### Work instruction:
Stop at the line that contains "Logement à louer". Until then, set down each line of the records exactly, beginning with the first, and skip pictures.

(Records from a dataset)
---+---
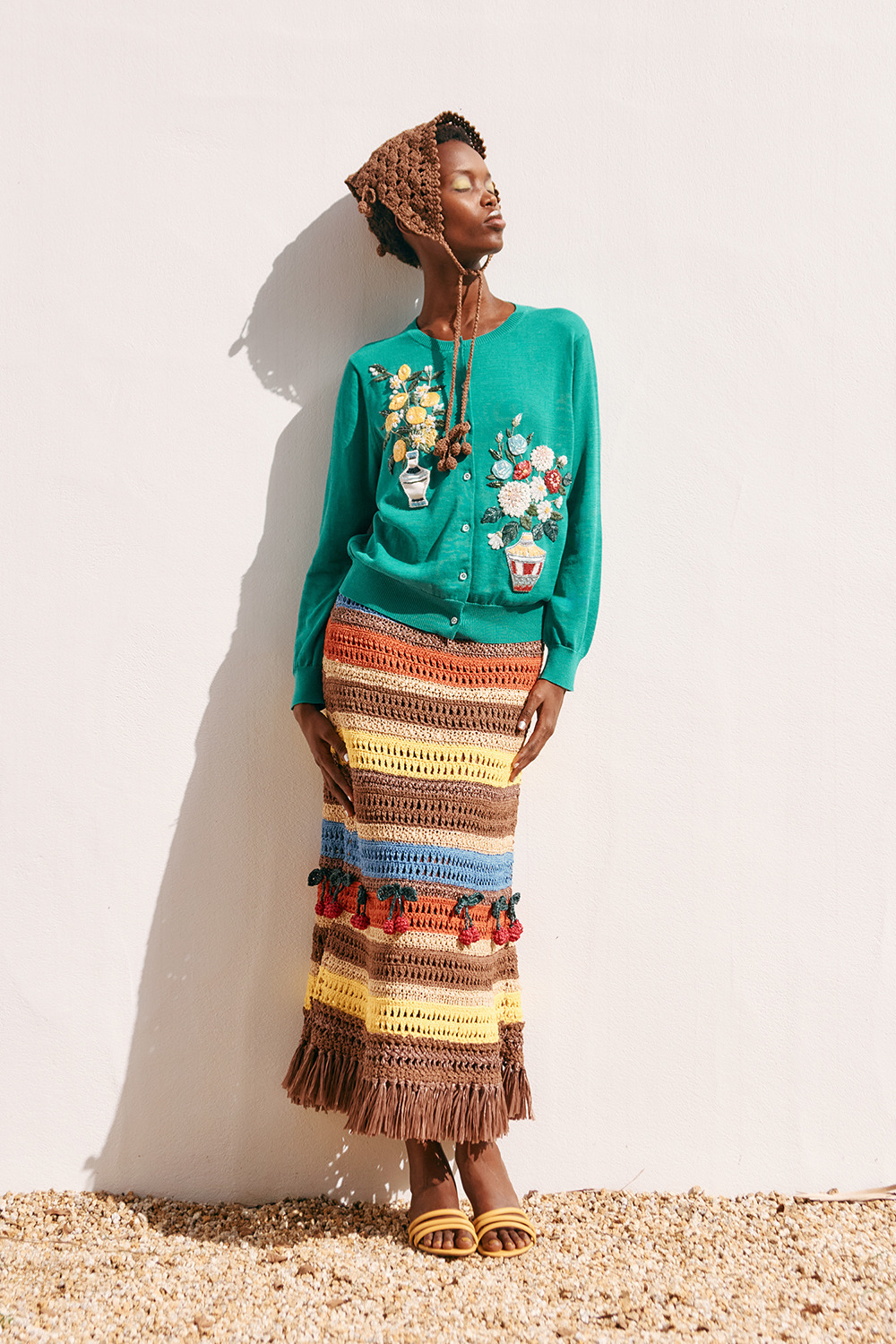 ゆるやかにフィットするロングスカートは、裾にチェリーモチーフが並び、大人かわいいアクセントに。
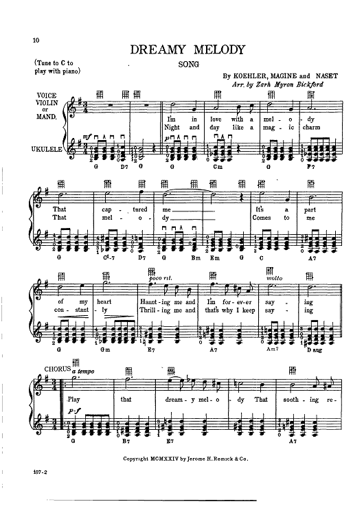 Digital Sheet Music for Dreamy Melody by , Ted Koehler, Frank Magine, Zarh Myron Bickford, C. Naset scored for Ukulele; id:418665
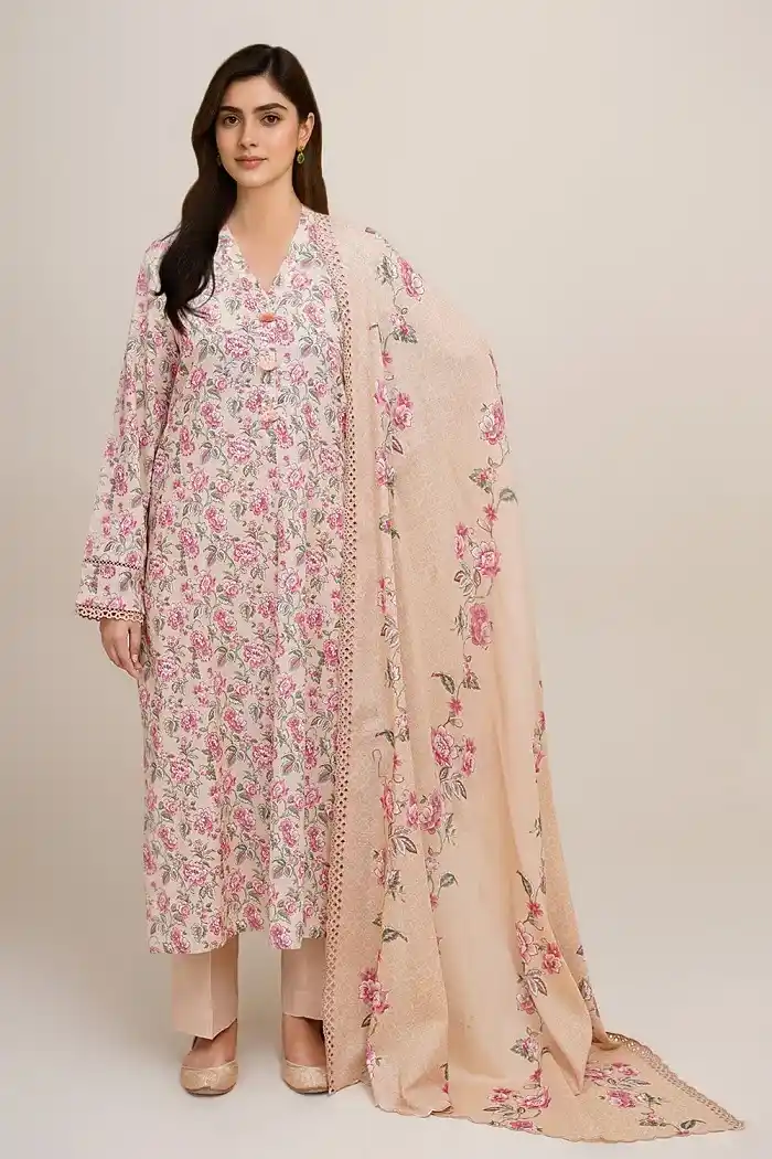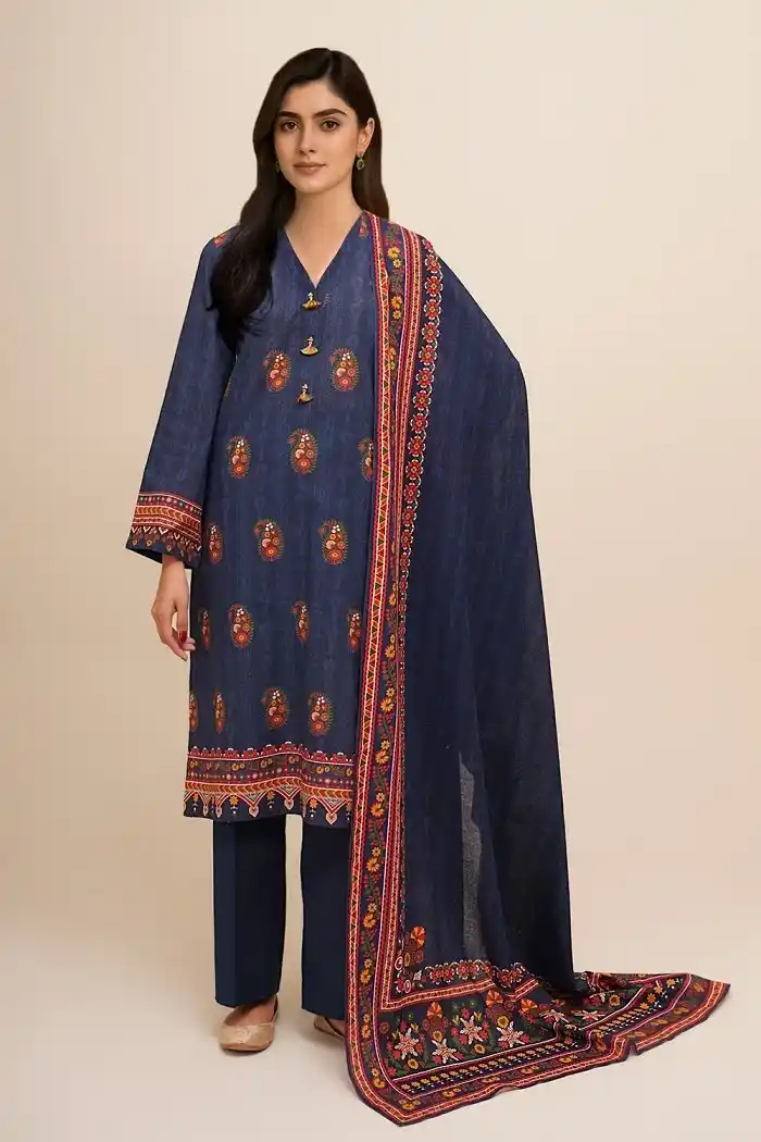 3-piece digital printed khaddar unstitched suit Rs:5,990 Rs:4,793 only.
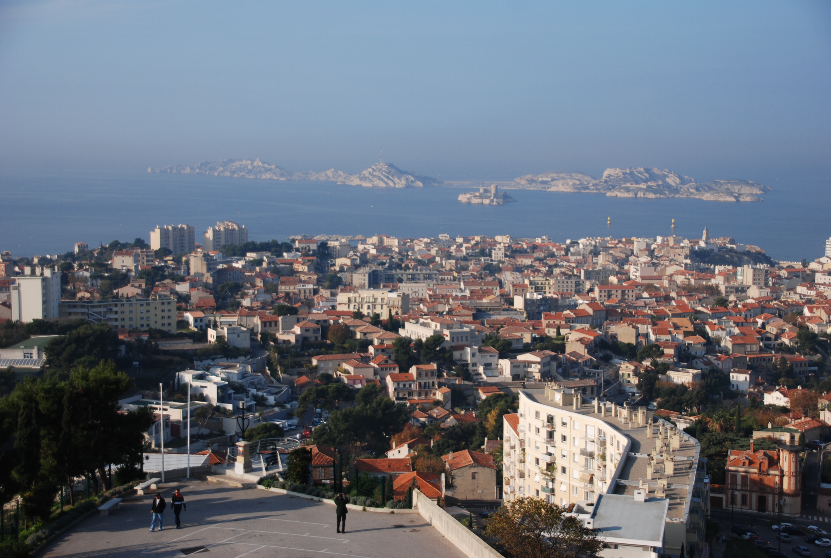 Marseille, France, as seen from the Notre Dame de la Garde Basilica. There’s a fort on one island.
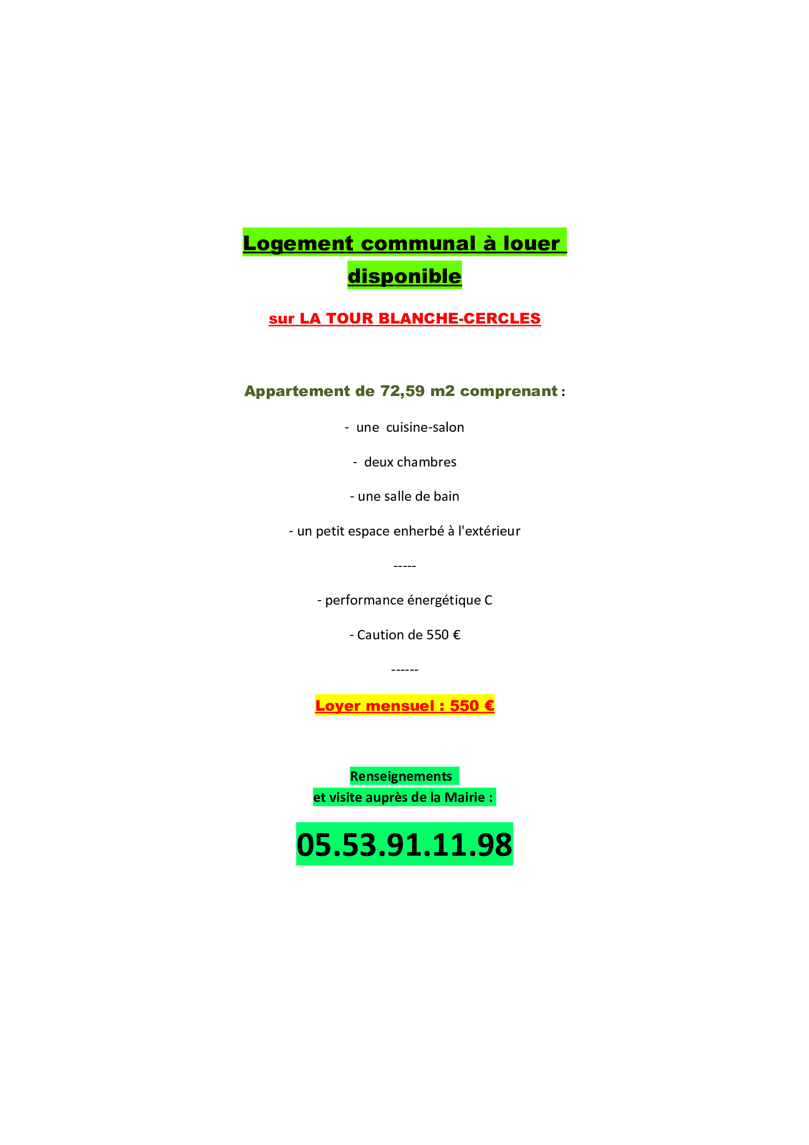 Logement à louer sur La Tour Blanche - Cercles
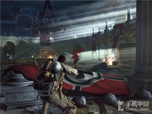 此外,从官方给出的截图看,游戏的采用了3D建模,画质细腻精美,场景渲染以及各种爆炸、水纹、光影效果都有着出色的表现,可以说开发商在这方 面下了不少功夫,这样的出色设计使游戏看起来更为逼真带感。另外掩体的设置比较丰富,有沙包、残垣断壁、废弃坦克等等,玩家需要借助掩体来不断推进,消灭 一波又一波法西斯份子。
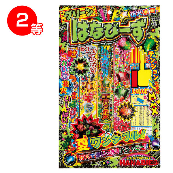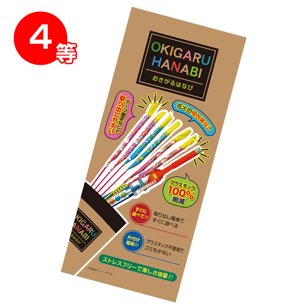 ●セット内容 特賞:ハーフ&ハーフ 色変&長い時間 5本 1等:はなびーずL 5本 2等:はなびーずS 10本 3等:はなびーずXS 10本 4等:おきがるはなび 20本 ●付属品:抽選くじ×50、抽選箱×1、くじ明細書×1、告知用A4カード×1 ※お支払いは銀行振込でお願いいたします。 |
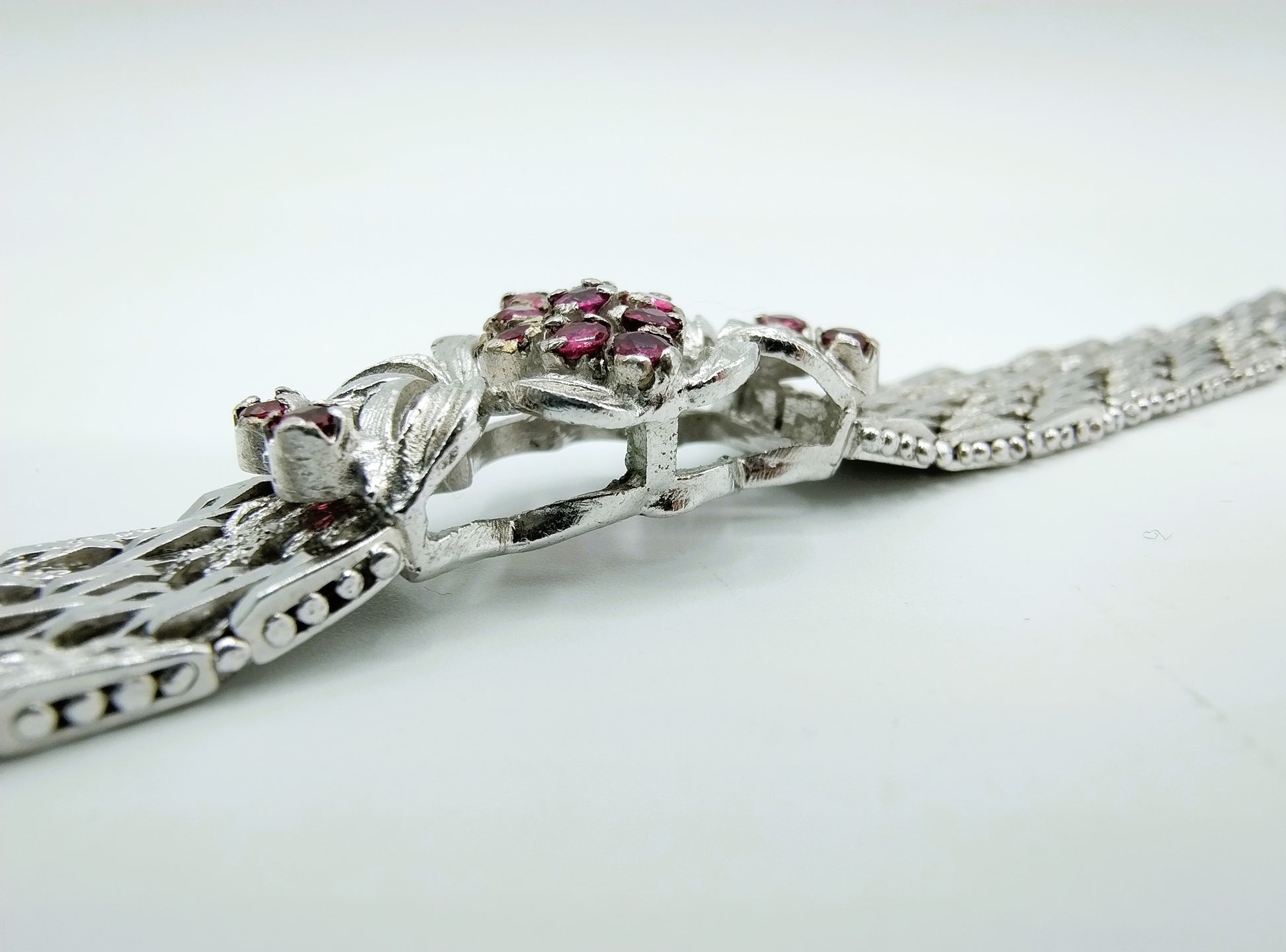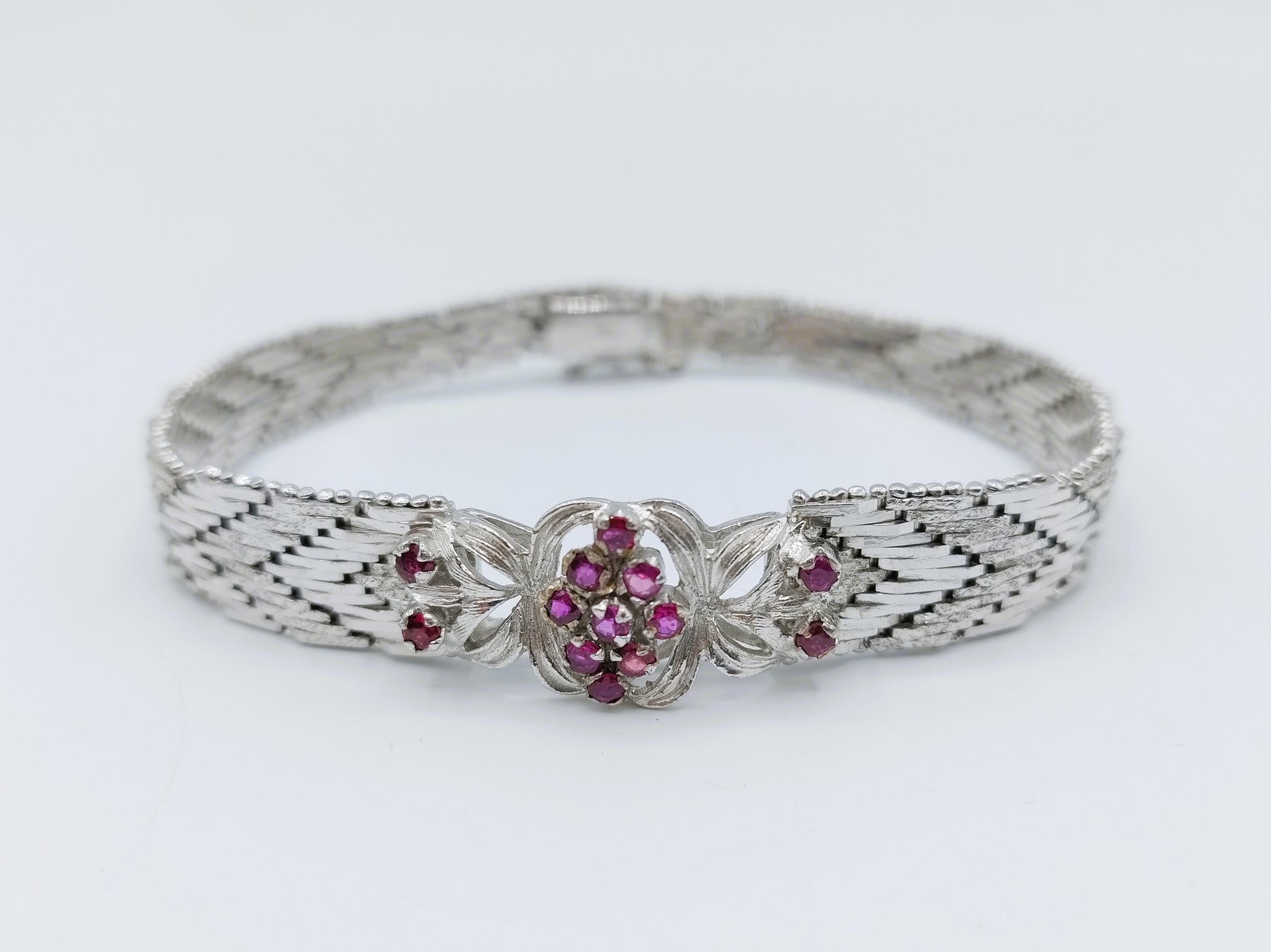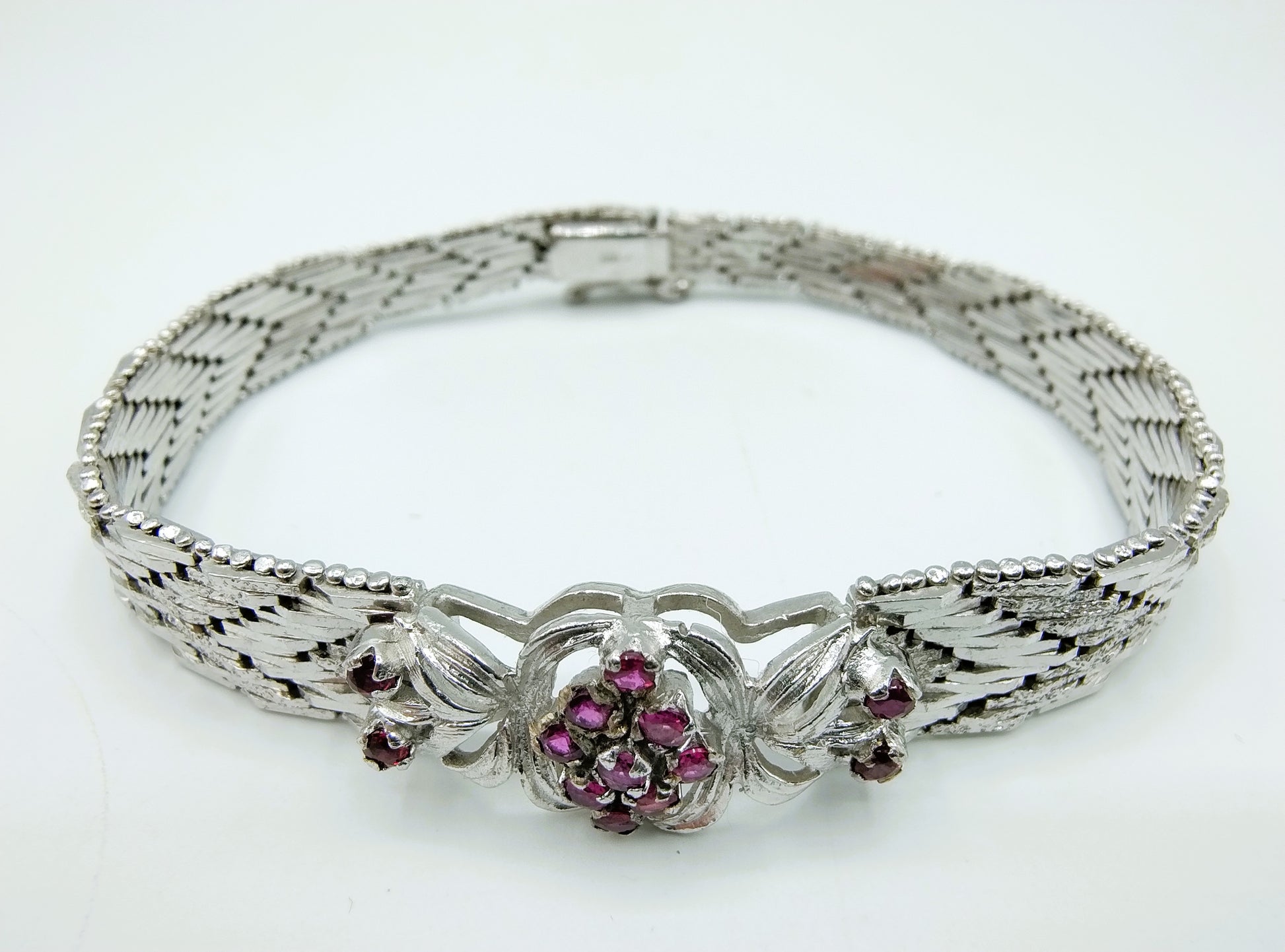 Vintage-Armband aus Silber, besetzt mit 13 roten Steinen.
---+---
### Answer box:
 ゆるやかにフィットするロングスカートは、裾にチェリーモチーフが並び、大人かわいいアクセントに。
 Digital Sheet Music for Dreamy Melody by , Ted Koehler, Frank Magine, Zarh Myron Bickford, C. Naset scored for Ukulele; id:418665
 3-piece digital printed khaddar unstitched suit Rs:5,990 Rs:4,793 only.
 Marseille, France, as seen from the Notre Dame de la Garde Basilica. There’s a fort on one island.
 Logement à louer sur La Tour Blanche - Cercles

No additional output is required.